Question

proof
$\sqrt{3} + \sqrt{5}$
is irrational​

Answer 1

$\underline{ Let\:us\:assume\: that\: \sqrt{3} \: + \: \sqrt{5} \: is \: rational }$

$\underline{number.}$

$\sqrt{3}$ + $\sqrt{5}$ = $\dfrac{a}{b}$

Here, a and b are co-prime numbers.

Now!

Squaring on both sides.

${( \sqrt{3} \: + \: \sqrt{5}) }^{2}$ = ${( \dfrac{a}{b}) }^{2}$

As we know that

(a + b)² = a² + 2ab + b²

3 + 2 $\sqrt{15}$ + 5 = ${( \dfrac{a}{b}) }^{2}$

8 + 2 $\sqrt{15}$ = ${( \dfrac{a}{b}) }^{2}$

2 $\sqrt{15}$ = $\dfrac{ {a}^{2} \: - \: 8 {b}^{2} }{ {b}^{2} }$

$\sqrt{15}$ = $(\dfrac{1}{2})$ $(\dfrac{ {a}^{2} \: - \: 8 {b}^{2} }{ {b}^{2} } )$

$(\dfrac{1}{2})$ $(\dfrac{ {a}^{2} \: - \: 8 {b}^{2} }{ {b}^{2} } )$ is a rational number.

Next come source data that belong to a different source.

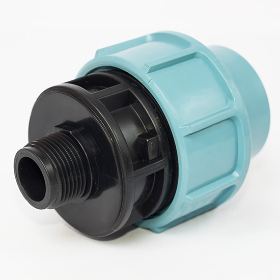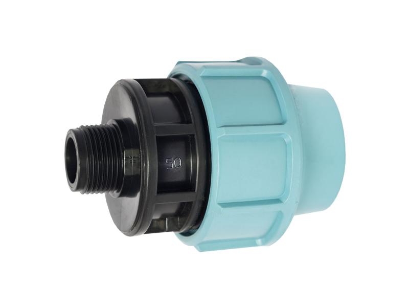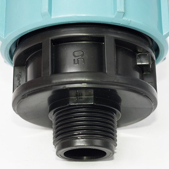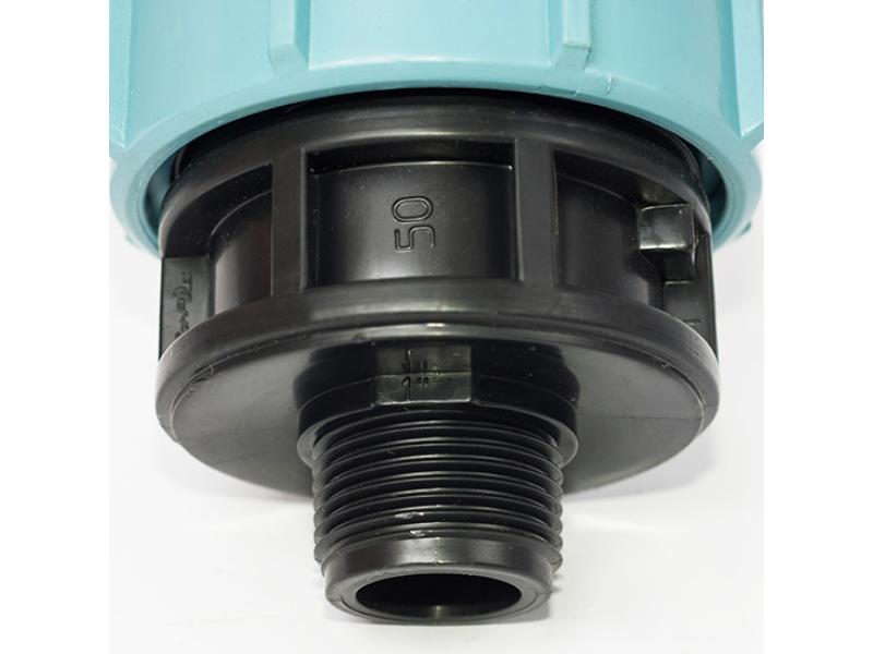 Муфта затискна для поліетиленових труб, зовнішня різьба 1", діаметр 50 мм. Компресійні фітинги застосовуються для створення зовнішніх водопроводів, поливних систем і використовуються переважно для транспортування холодної води. Переваги: доступність за ціною, невелика вага, швидкий і легкий монтаж, що не вимагає додаткових інструментів, можливість створення роз'ємних з'єднань. Номінальна температура для застосування 20˚С, а максимальна робоча температура - до 60˚С в межах робочого діапазону труб. Номінальний тиск залежить від діаметра: для 16, 20, 25, 32, 40, 50, 63 мм воно складає 16 бар, для фітингів 75, 90 і 110 - 12,5 бар відповідно. Компресійні фітинги виробляються відповідно до стандартів UNI, ISO, DIN, NF, різьба відповідно до UNI, а фланцеві з'єднання відповідають вимогам UNI і DIN. Всі фітинги виконані відповідно до загальних технічних умов. Для виготовлення фітингів використовується чорний поліпропілен для корпусу, чорна прокладка з нітрилової гуми, біле затискне кільце з поліацетата і гайка з поліпропілену.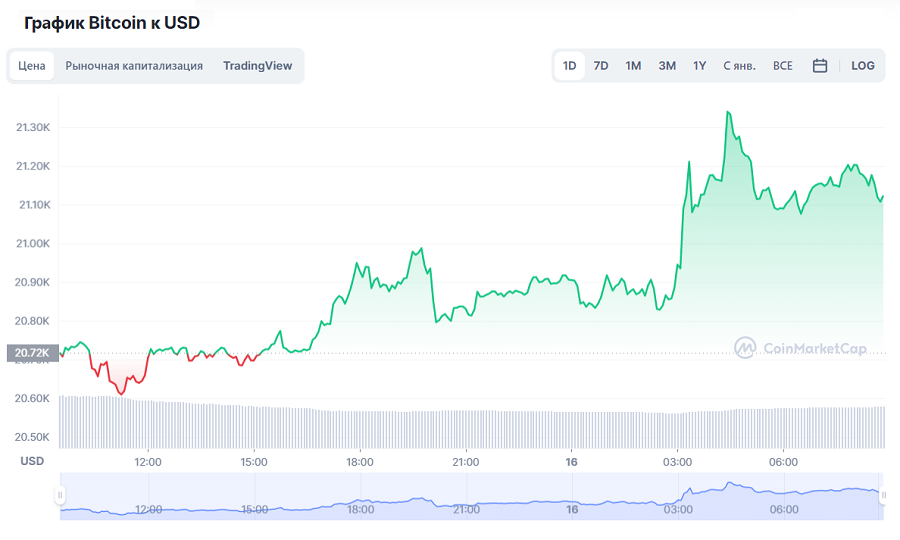 В первой половине дня биткоин на рынках торговался на уровне 21 120,39 доллара США, за последние сутки данная валюта выросла на 1,96%.
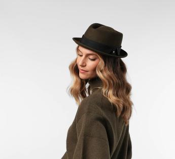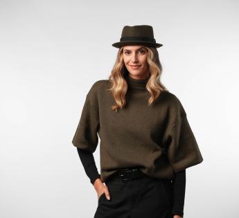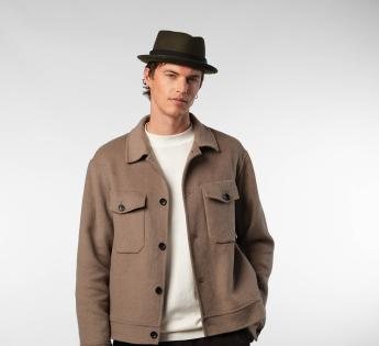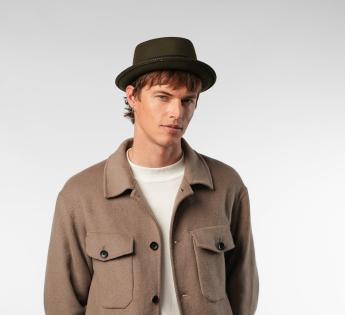 Gemaakt van wol vilt, biedt het structuur, comfort en perfecte stevigheid. Zijn typische platte kroon en rand opstaand vorm geven een moderne uitstraling, terwijl het toegankelijk en gemakkelijk te dragen blijft. Een hoed met een sterk karakter, ontworpen voor degenen die hun stijl willen benadrukken zonder te overdrijven.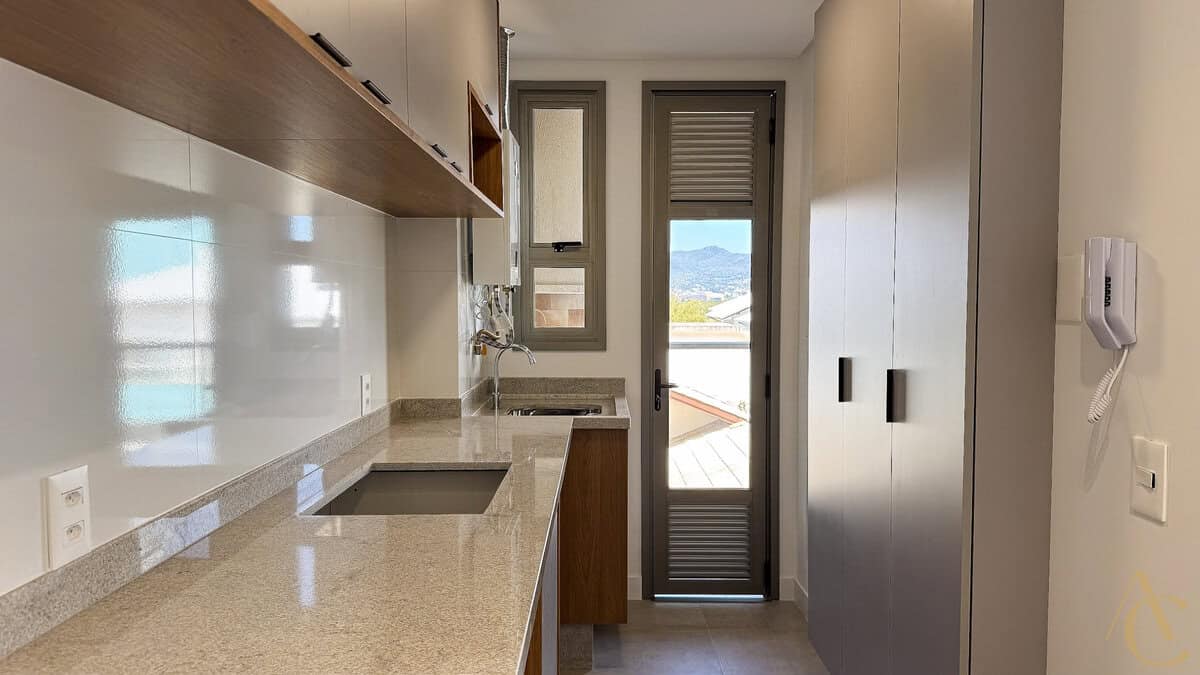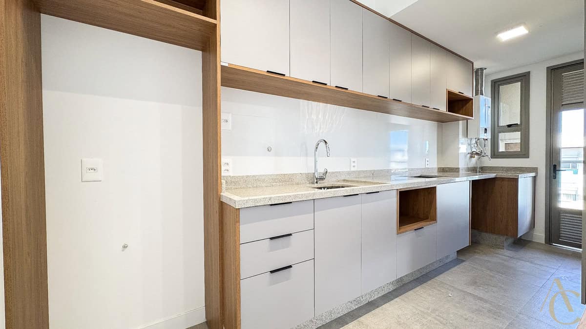 O apartamento possui móveis planejados de excelente qualidade na cozinha e na área de serviço, otimizando os espaços com elegância e funcionalidade. Os ambientes são arejados e muito bem iluminados, com acabamentos de alto padrão.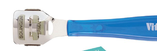 Nežno odstrani odmrlo kožo in otiščance. Ergonomska oblika ročaja olajša uporabo strgala. Strgalo ima dve vrsti peska: groba zrna - hrapavi del za odstranjevanje otiščancev in drobna zrnazaobljeni del za poliranje kože in masažo podplata.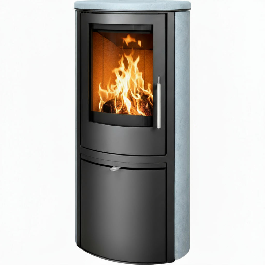 Täljstenskamin RENO kombinerar modern design med naturlig värmelagring. Täljstenen lagrar värmen under eldningen och ger en behaglig eftervärme när lågorna har slocknat. Med en effekt på 2,5–7 kW och en verkningsgrad på upp till 81 % är detta en effektiv och miljövänlig kamin för bostäder på 50–140 m³. RENO är det perfekta valet för dig som vill ha pålitlig värme, låg förbrukning och tidlös design i ett.

$\underline{So, \:\sqrt{15} \: is\: also\: a \:rational \:number.}$

$\underline{But \:as\: we \:know\: that \:\sqrt{15} \: is \:irrational\: number.}$

$\underline{So,\: our\: whole\: assumption \:is \:wrong.}$

$\bold{ \sqrt{3} \: + \: \sqrt{5} \: is \: irrational \: number }$

$\boxed{Hence,\:proofed}$